*WORK TO COMPLETE*
Reproduce the whole listing that follows, character for character, and drop the images.
[AVAILABLE DATA Boundary: Start]
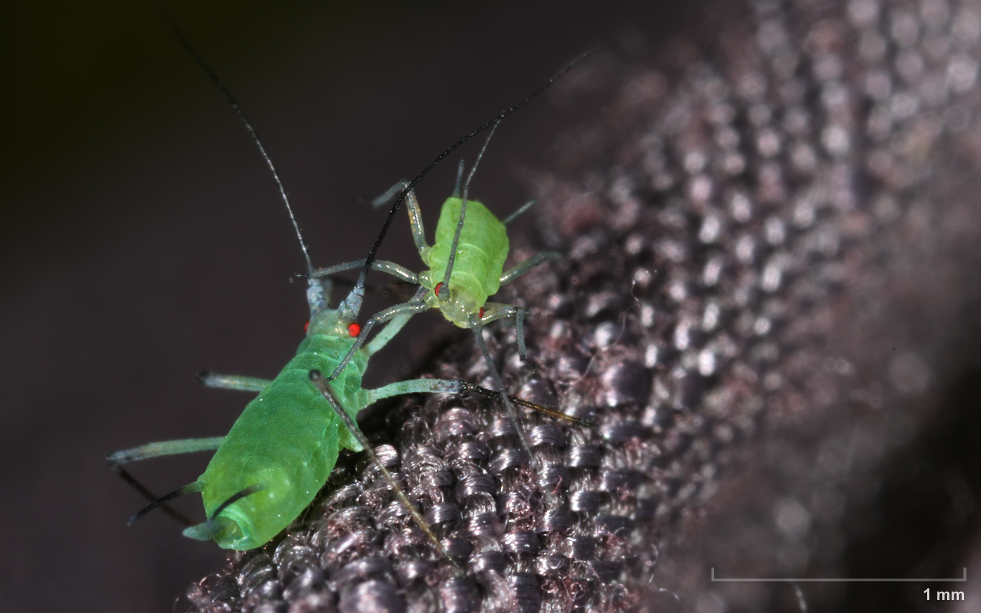 Aphids, also known as plant lice, are minute plant-feeding insects.
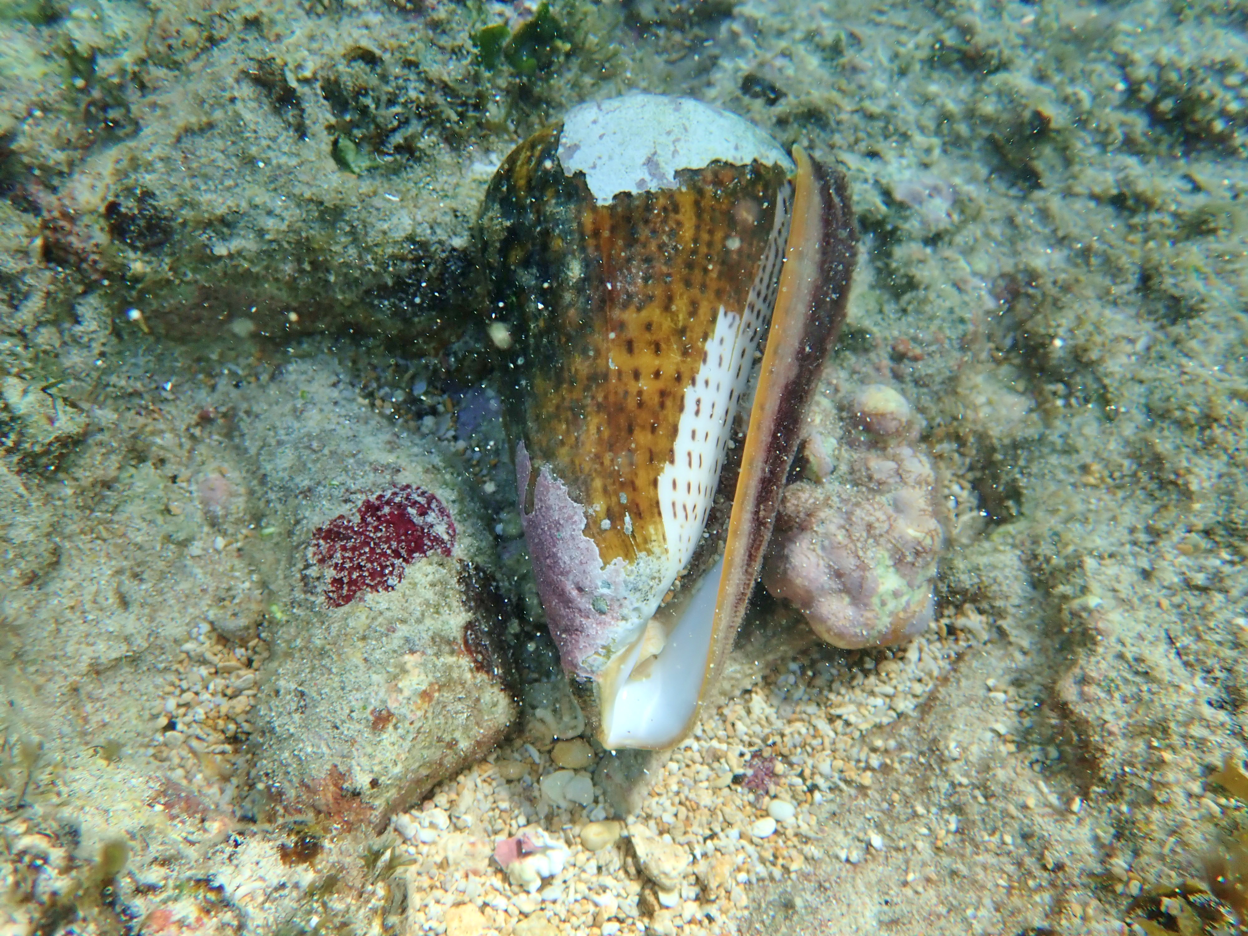 On this Conus leopardus, the periostracum is clearly visible, and lacking on some parts (white).
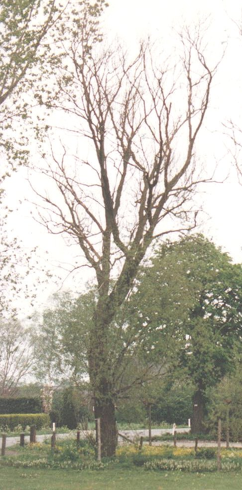 watermerkziekte (Erwinia salicis) by Salix
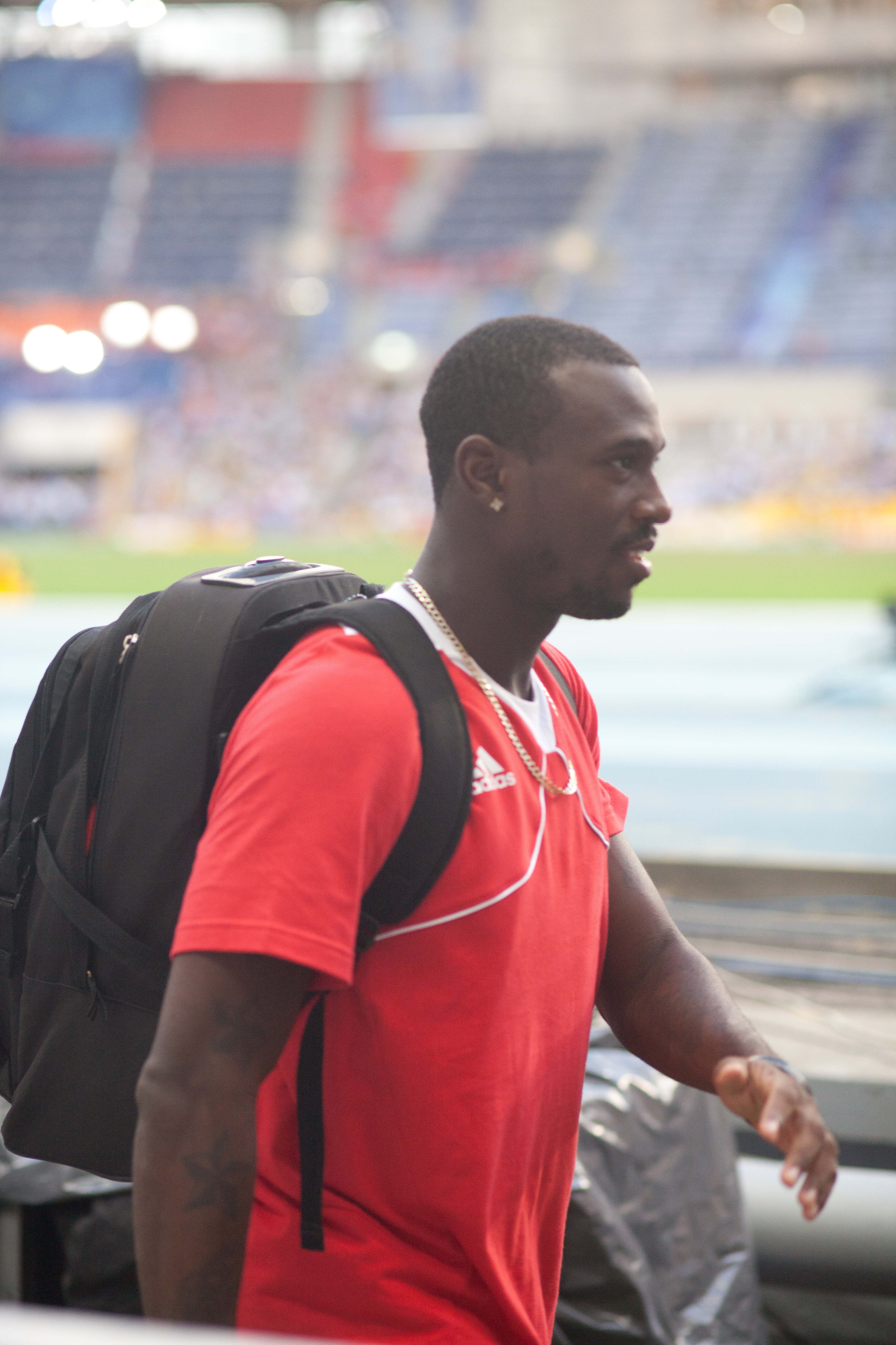 Daniel Bailey during 2013 World Championships in Athletics in Moscow.
[AVAILABLE DATA Boundary: End]
*ANSWER TO THIS TASK*
 Aphids, also known as plant lice, are minute plant-feeding insects.
 On this Conus leopardus, the periostracum is clearly visible, and lacking on some parts (white).
 watermerkziekte (Erwinia salicis) by Salix
 Daniel Bailey during 2013 World Championships in Athletics in Moscow.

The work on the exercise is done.